Much as Colin Powell deserves a tribute as America’s first Black secretary of state and chairman of the Joint Chiefs of Staff, he was under-recognized as a bridge-builder and champion of political moderation. Powell, who died Monday, was a Republican who dared to challenge his own party’s orthodoxy and tried to avert its drift toward right-wing extremism. The fact that he was later joined in his call for moderation by one of the architects of that rightward lurch — former Vice President Dick Cheney — attests to Powell’s judgment and thoughtful foresight.
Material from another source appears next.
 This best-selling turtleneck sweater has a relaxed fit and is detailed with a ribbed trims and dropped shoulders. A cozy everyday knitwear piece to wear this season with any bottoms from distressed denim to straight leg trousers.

Cheney was adamant about launching the 2003 war in Iraq and was willing to engage in the worst forms of political subterfuge to get his way. He enlisted Defense Secretary Donald Rumsfeld in a campaign to deceive Americans — and the world — into believing Iraqi dictator Saddam Hussein possessed weapons of mass destruction.
Powell’s was the loudest and most persistent voice of dissent in President George W. Bush’s administration, arguing that evidence was flimsy and didn’t justify going to war. Cheney and Rumsfeld ridiculed the retired four-star Army general and Vietnam veteran as weak. Their insistence on the Iraqi threat (nonexistent though it later proved to be) convinced Bush that an invasion was necessary. The result was a costly, deadly and highly unpopular war that destabilized the region and wound up drawing troops and resources away from America’s well-justified war in Afghanistan. Both wars ultimately would conclude in humiliating U.S. retreats.
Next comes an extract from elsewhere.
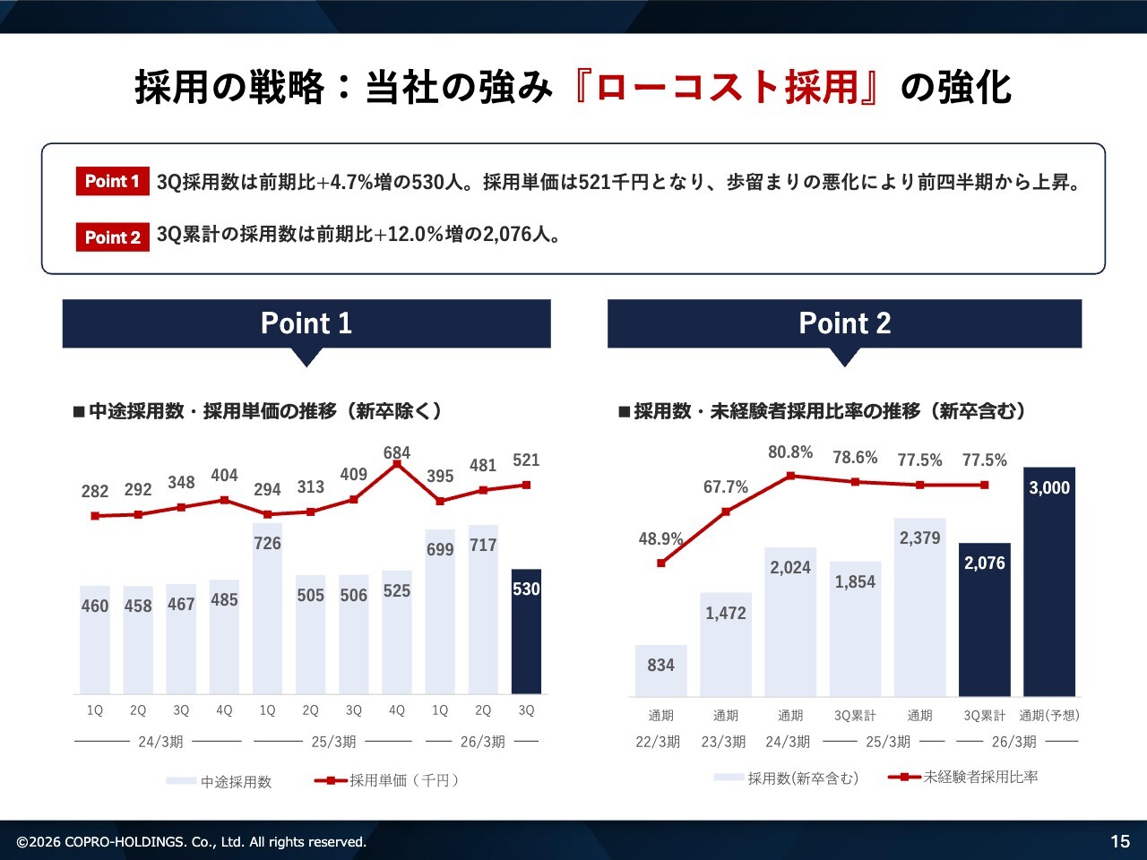 スライド右側、ポイント2の図は、累計の採用数と未経験者採用比率を示しています。第3四半期の累計採用数は2,076人、未経験者採用比率は77.5パーセントとなっています。

Long before that, however, was Powell’s own humiliation. Bush, under heavy pressure from Cheney, ordered Powell to compile the most persuasive case he could for United Nations support for the Iraq invasion. Powell, an obedient soldier to the end who believed first and foremost in honoring the chain of command, gave a 76-minute Security Council speech aided by enlarged intelligence photos and visual aids purporting to prove that Iraq was developing chemical, biological and nuclear weapons.
Across America, those who dared to question Cheney and Rumsfeld found themselves bombarded with right-wing attacks on their patriotism. Powell recognized that this dangerous trend screamed for correction before it got out of control. After resigning as secretary of state in 2005, he admitted the U.N. speech was a “blot” on his legacy. In 2008, Powell wanted to endorse his longtime friend, Republican Sen. John McCain, for the presidency. But he feared McCain’s choice of Alaska Gov. Sarah Palin as his running mate would pull the GOP even further to the right.
Powell broke with his party and backed Democrat Barack Obama instead. He later endorsed Hillary Clinton’s presidential bid over Donald Trump.
In the ultimate affirmation of Powell’s good judgment, he was joined recently in the call for GOP political moderation by none other than Cheney himself.
Powell was “simply and completely, a leader,” Secretary of State Antony Blinken stated Monday. “ … He gave us his decency.”